Лето нахлынуло внезапно, рассыпав цветы, жару и душные дожди. Горькая весна уходила, а тепло традиционно радовало, хотя в бессонные летние ночи, пожалуй, пережившим горе людям еще тяжелей.
Утром, когда школьники разъезжались на каникулы, случилась гроза, после которой небо нарисовало двойную радугу. Роза и провожавший её Северус всю дорогу спорили, равны ли две радуги между собой по длине. Наконец они замерли на каком-то слове и оставшуюся часть пути просто не сводили глаз с акварельных полосок в умытом небе.
Мокрый «Хогвартс-Экспресс» блестел алыми боками. Лили, успевшая занять купе, махала кузине из отрытой форточки. Роза остановилась, взяла Северуса за руки.
- Мне пришло письмо. Маме предложили должность преподавателя в Шармбатоне. Скорее всего, в августе мы уедем.
Лицо мальчишки смешно вытянулось, глаза распахнулись, потом жалобно задрожали веки. Роза продолжала:
- Северус, я совершеннолетняя.

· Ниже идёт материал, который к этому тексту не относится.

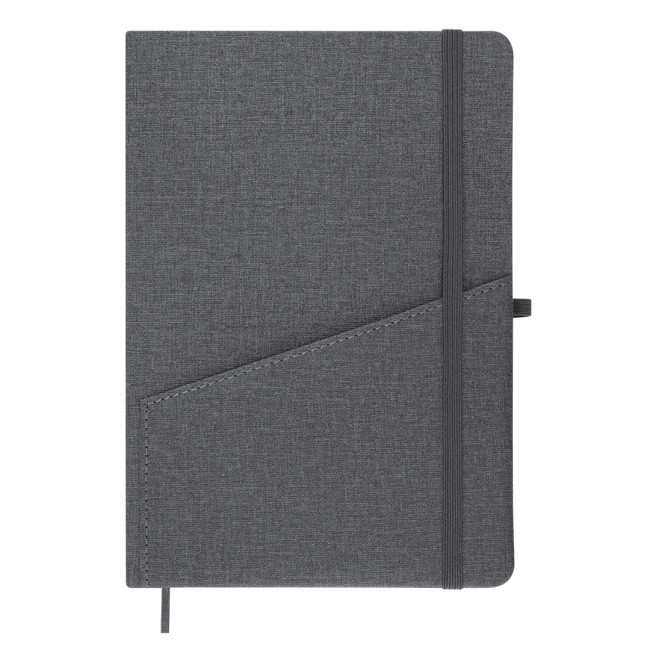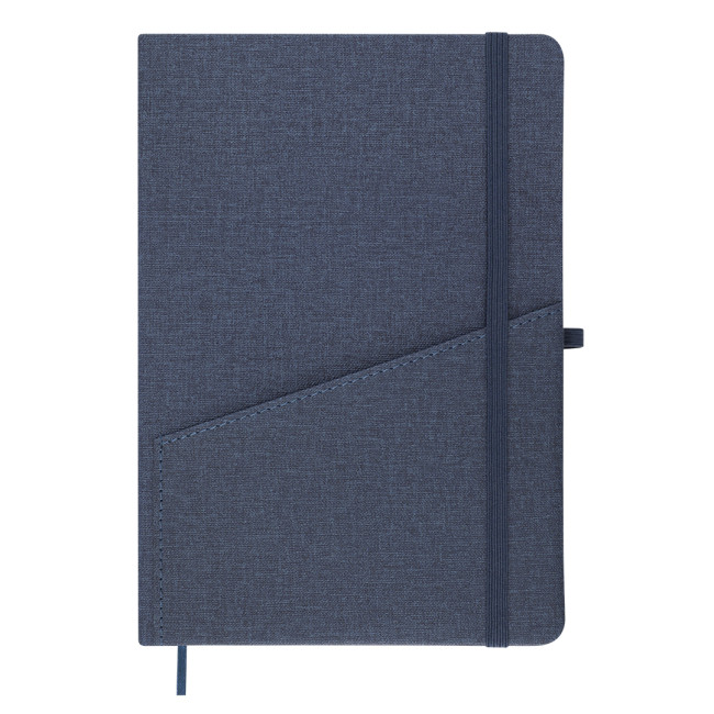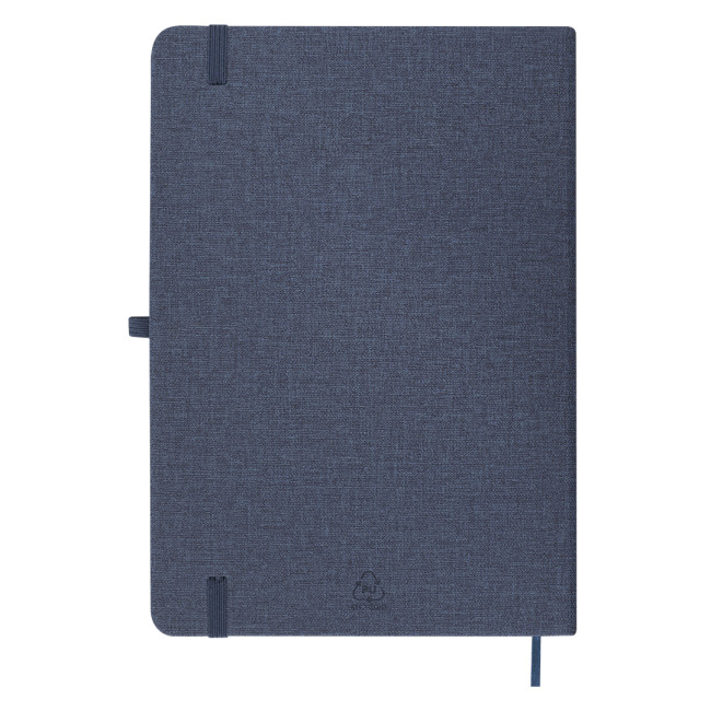Taccuino con copertina rigida in PU Riciclato, finitura lino. Con pratico taschino frontale, portapenne, segnalibro abbinato e fascia elastica di chiusura. Include 80 fogli color crema a righe. Con distintivo in PU Riciclato. Il PU Riciclato si distingue per la sua resistenza ed elasticità. Questo materiale riciclato e riciclabile è unopzione sostenibile che recupera le fibre scartate nei processi di produzione, riducendo al minimo gli sprechi di materiale e contribuendo a diminuire limpatto ambientale, mantenendo al tempo stesso le sue proprietà originali.

Меня никто не может заставить уезжать куда-то или продолжать учебу в Хогвартсе. Хочешь, я останусь с тобой? Одно твое слово – я так и сделаю.
Роза не лгала. Хогвартс ей давно опостылел. Если бы не Северус и необходимость присмотреть за Хьюго, она бы давно бросила школу и, пожалуй, отправилась путешествовать по свету или устроилась работать, а на досуге постигала тайны арифмантики. Но если Хьюго будет при матери… А с Северусом можно видеться по выходным, в Хогсмиде…
- Уезжай, - он смотрел прямо. – Тебе надо закончить школу и потом продолжить образование. В Хогвартсе оставаться - вовсе не дело. А я подожду.
- Может быть, придется ждать два года. В Шармбатоне учатся дольше.
- Хорошо. Я подожду.
Она потянулась к нему и осторожно коснулась губами – его губ, и он вдруг порывисто ей ответил. Они стояли так довольно долго; Хьюго, заждавшийся сестру, высунулся из вагона и оторопел. Альбус и Лили, зажав ему рот, за шкирку утянули обратно. Отстранившись наконец друг от друга, красные, с блестящими глазами, Роза и Северус все не могли разойтись.
- Приезжай к нам летом, - тихо попросил он.
- И ты к нам тоже.
В нескольких метрах от этой сцены происходила другая: Патрисия зазывала Скорпиуса поехать сегодня в купе с ней, Нотт, Карлом и Берком.
- Подумай, - она слегка водила носочком по платформе. – Ты же не можешь вечно бунтовать. Раз уж ты попал на Слизерин, значит, ты нацелен на карьеру, на продвижение. Поэтому нужно заводить знакомства сейчас.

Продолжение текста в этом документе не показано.